Search And Routing Fields
| Field | Meaning |
|---|---|
search_auth_good | Human judgment for whether the standard authentication search was useful. |
search_quickstart_good | Human judgment for whether the standard quickstart search was useful. |
topSearchResults | Top five search results for standard and target-specific queries. |
routing_goals | Number of task-routing goals evaluated with agentdocs handoff and agentdocs verify-context. |
routing_expected | Number of routing goals with an explicit expected task-pack ID. |
routing_passed | Expected routing goals whose selected task pack matched the expected ID list. |
routing_failed | Expected routing goals whose selected task pack was missing or unexpected. |
routing_accuracy | routing_passed / routing_expected, or blank when no expected routes were declared. |
Routing classifications are deterministic:
| Classification | Meaning |
|---|---|
matched_exact | Selected task pack is one of the expected task-pack IDs. |
matched_related | A task pack was selected, but no expectation was declared or the selected pack was not expected. |
fallback | No task pack was selected; AgentDocs fell back to source search and goal-bundle evidence. |
unsafe_mixed_context | Verification found mixed task or search context, such as multiple versions or frameworks. |
Routing benchmarks are report-only unless a run declares --expect-route.
Agent Task Field
agent_task_passed is a human judgment. It remains unknown until an agent actually completes the target workflow using the generated AgentDocs context.

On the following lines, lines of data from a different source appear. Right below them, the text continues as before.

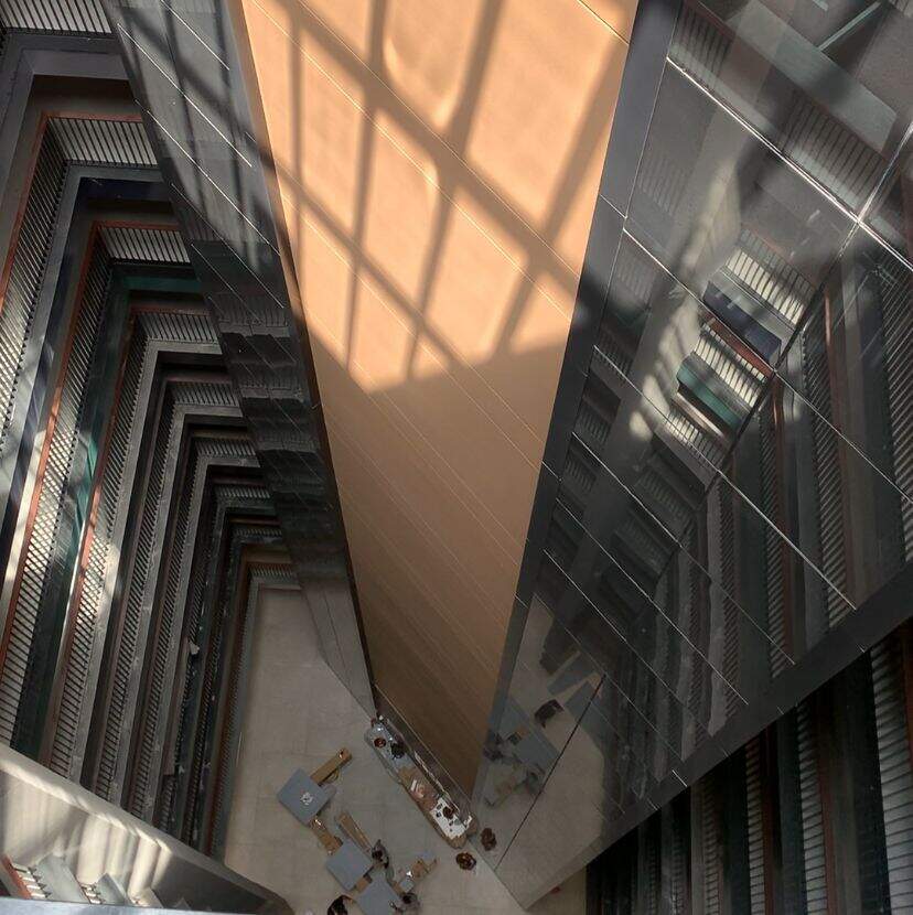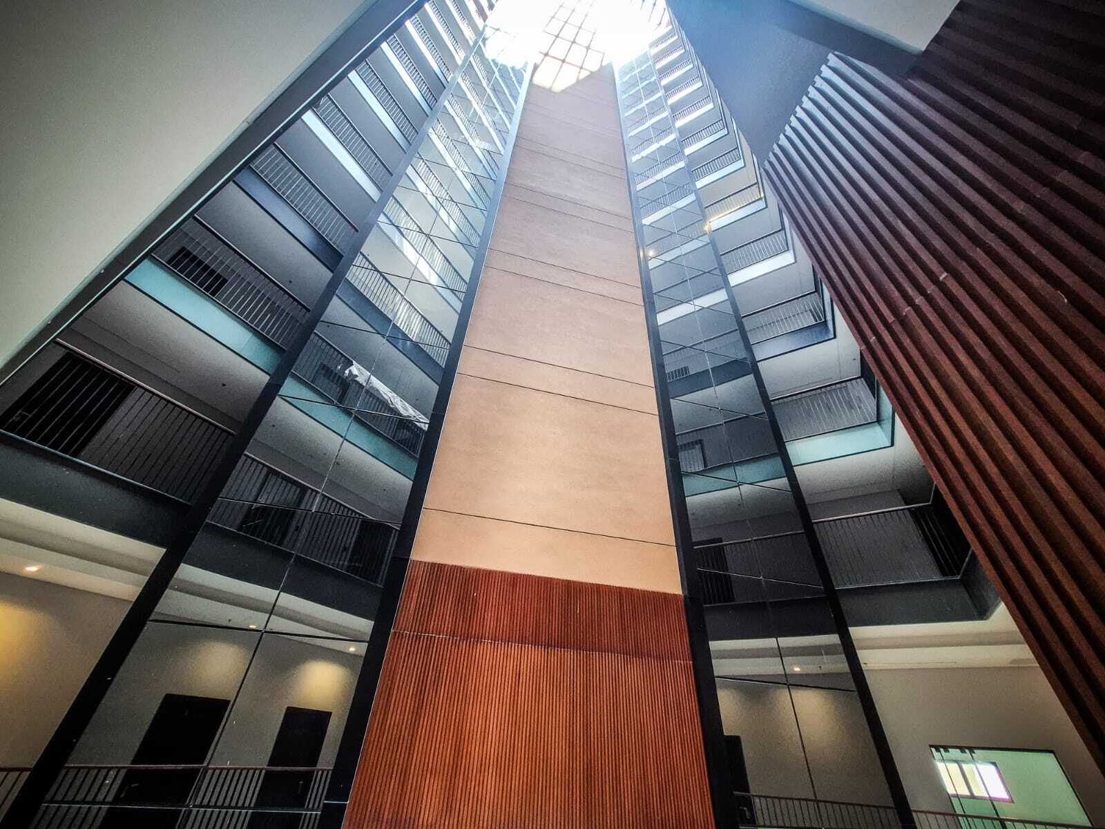 O elevador panorâmico do lado de dentro é um dos diferenciais, porque a graça é olhar para cima e para baixo e só ver escadas. A forma como construíram lembra os hotéis antigos, com andares à mostra.
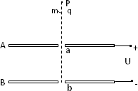 如图所示,中央有正对小孔的水平放置的平行板电容器与电源连接,电源电压为U.将一带电小球从两小孔的正上方P点处由静止释放,小球恰好能够达到B板的小孔b点处,然后又按原路返回.那么,为了使小球能从B板的小孔b处出射,下列可行的办法是
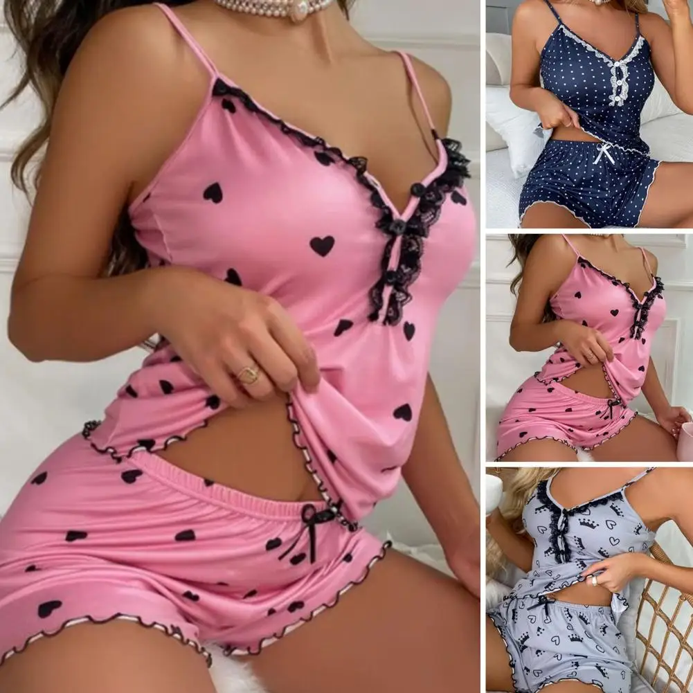 Name | 2Pcs/Set Nightwear Set Chic Soft Sleepwear Set Women Sexy Sling Home Clothes Sleepwear Homewear |
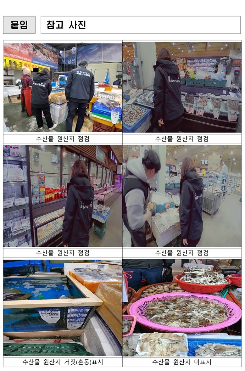 최종문 시 특별사법경찰과장은 “역 주변 상권은 유동 인구가 많아 원산지 표시 위반이 발생할 경우 소비자 피해가 크다. 앞으로도 정기.수시 점검을 통해 위법 행위를 지속적으로 단속하겠다”고 밝혔다. 이어 “소비자들도 수산물 구매 시 원산지 표시를 반드시 확인해 달라” 라고 당부했다.
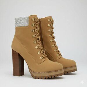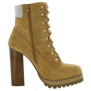 Madden Girl Train-R Faux Suede Rhinestone Combat & Lace up Boots Tan NWOT

Readiness, search quality, and routing accuracy are supporting evidence, not a replacement for this task result.
Missing Metric Reasons
Use these labels instead of unexplained N/A:
| Reason | Meaning |
|---|---|
unsupported_format | The docs corpus exists, but the dominant format is not parsed yet. |
scale_limited | The corpus is supported but too large for the current run budget. |
scope_mismatch | The selected source scope is not representative of the intended docs. |
retrieval_mismatch | The build succeeded, but common task queries returned irrelevant material. |
historical_metric_not_captured | The run predates this metric. |
preparation_blocked | The target could not be prepared before AgentDocs ran. |
Worked Example
If a row says:
pages=85, task_packs=7, readiness=93, repeat_build_hash_match=true,
routing_expected=2, routing_passed=1, routing_failed=1,
agent_task_passed=unknownread it as:
AgentDocs compiled the target deterministically and produced strong audit signals, but one declared task goal did not route to the expected task pack. Because the implementation task has not been completed by an agent, agent_task_passed stays unknown.